Des thématiques certes présentées par des acteurs de la pensée académique mais qui pouvaient intéresser le public non-universitaire. 

Le CRIDSSH avait aussi, apprend-on, la particularité de rester ouvert durant les grandes vacances. Par ailleurs, toujours à titre illustratif, dans le cadre d’une rencontre en hommage à Abdelhamid Benzine (1926-2003) organisée en collaboration avec l’association «les amis de Abdelhamid Benzine», la projection en avant-première du documentaire retraçant le parcours de ce personnage historique réalisé pour le compte de la Télévision algérienne a suscité à lui seul un riche débat sur l’histoire du mouvement national. 

Présent au débat, Hachemi Cherif (1939-2005), homme politique, alors porte-parole du MDS, a même misé sur le fait que le film, eu égard à son contenu, ne serait pas diffusé par la télévision à l’époque. Il aurait perdu. Sinon spécialiste du Maghreb, ancien enseignant à l’université d’Alger, René Galissot, invité à Oran dans le cadre d’un colloque académique, a été amené dans le même esprit du CRIDSSH à donner une conférence suivie d’un débat sur des aspects inédits du parcours de l’Emir Abdelkader. 
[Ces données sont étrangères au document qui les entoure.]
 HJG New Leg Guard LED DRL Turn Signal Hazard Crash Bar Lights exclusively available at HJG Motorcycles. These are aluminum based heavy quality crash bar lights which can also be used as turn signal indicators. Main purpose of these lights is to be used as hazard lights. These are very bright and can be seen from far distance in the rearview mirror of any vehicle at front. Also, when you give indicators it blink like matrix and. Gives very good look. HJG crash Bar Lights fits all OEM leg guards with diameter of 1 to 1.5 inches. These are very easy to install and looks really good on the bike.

Ainsi, en parallèle avec la vocation liée à la recherche universitaire, les rencontres du CRIDSSH étaient innombrables et touchaient des domaines divers dont celui de la culture en général, mais peut être aussi indirectement de la politique en tant que pratique sociale avec les réflexions sur la condition féminine, le syndicalisme, la vie associative, etc. 
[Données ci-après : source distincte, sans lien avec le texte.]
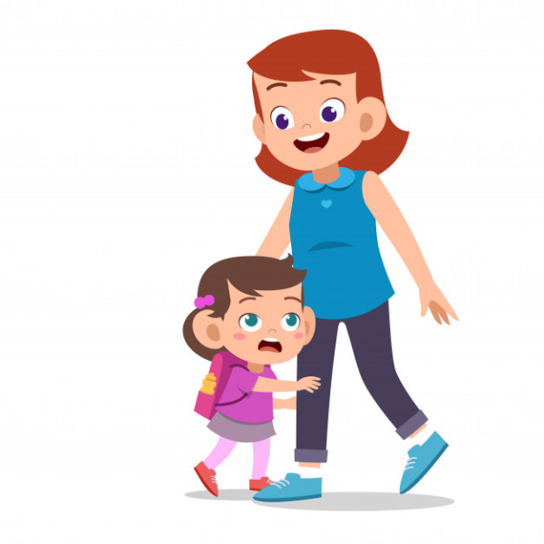 Winda: Iya, Bu. Hari ini adalah hari pertama masuk sekolah. Jadi, Winda belum berani berangkat sendiri.

Le centre devait être baptisé du nom du regretté Abdelkader Djeghloul, une annonce faite par l’ancien recteur de l’université d’Es-Senia, Larbi Chahed, en mai 2010 lors de la première rencontre (40e jour de son décès) en hommage à cet intellectuel de renom qu’avait justement abritée le CRIDSSH avec notamment la participation de quelques-uns de ses collaborateurs ou de ceux qu’il a encadrés. 

Quoi qu’il en soit, la parenthèse de ce temps révolu fermée, l’université Oran 1 se projette dans le présent et compte, en attendant, raviver la flamme de la vie culturelle à Oran, en exploitant les espaces de la nouvelle bibliothèque universitaire centrale d’Oran, ouverte il n’y a pas longtemps du côté de l’ancienne cité universitaire le Volontaire (aujourd’hui Boualem Mohamed) et du campus Taleb Mourad Salim (ex-IGMO).

 L’idée a germé il y a quelque temps mais les deux ans de restrictions liés à la pandémie n’ont pas permis la concrétisation de ce projet. Ici, l’argument consiste à dire : «Avec le développement urbain à Oran, le centre-ville est devenu difficile à cause de l’encombrement et la difficulté de trouver des aires de stationnement alors que devant la bibliothèque, les espaces sont encore ouverts et le lieu est de surcroit accessible grâce à la ligne du tramway qui passe à proximité.»